The old saying goes, “in life there are no guarantees.” And yet, for a moment in time, it would appear that some vendors in the content marketing space defied that logic by reportedly offering revenue guarantees to publishers in the ballpark of a $1million+. But, as Digiday reported earlier in the year, some publishers are starting to see these guarantees disappear with negotiations proposing a pure rev-share model instead.
At first glance the move from a minimum guarantee to a performance model might seem like a bad thing, publishers playing the long game know that it’s not. Minimum guarantees have not been without their downsides for publishers. In return for the minimum guarantee, publishers had to deliver a minimum number of pageviews and exclude other ad providers. This meant, running “unsightly widgets” on all or most of their pages.
Of these widgets, A New York Times’s article in Oct 2016 stated that: “some publishers are wondering about the effect these so-called content ads may be having on their brands and readers. Among the reasons: The links can lead to questionable websites, run by unknown entities. Sometimes the information they present is false.” Others complained that “it’s not the right look” if you’re trying to present yourself as a “high-quality, upper tier website.”
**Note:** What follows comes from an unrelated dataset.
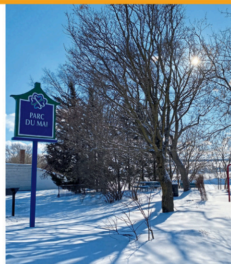
Le Parc du Mai, à Sainte-Marie, est finaliste pour le titre Toponyme coup de foudre 2025.

La Commission de toponymie vous invite à voter pour votre Toponyme coup de foudre 2025. Vous n'avez qu'à choisir l'un des 12 noms

At Dianomi, we agree with this sentiment. As a publisher who works with 350+ plus tier one publishers, we know that context and brand safety have a positive effect on ROI. A recent study from Inskin Media found that being on a site that has a strong publisher branding “helped boost effectiveness, whereas being served against potentially damaging editorial content had less of an effect.”
Publishers who are shifting from a guarantee to a rev-share model based on CPC should be using the negotiations as an opportunity to rethink their overall content marketing strategy. For premium publishers specifically, this may very likely mean testing your current partner against a new partner, seeing how each performs and evaluating those partners for other qualities like link quality, brand safety and context.
Publishers should also consider and qualify the long-term effect that poor quality links will have on their revenues and relationship with the reader. From Fortune: “If you just published a long investigative piece of journalism on an important topic like immigration or the U.S. political landscape, what message does it send when the reader gets to the bottom of that story and sees links to cheesy sites using photos of scantily-clad women and other gimmicks?”
We’d love to know the answer to that question.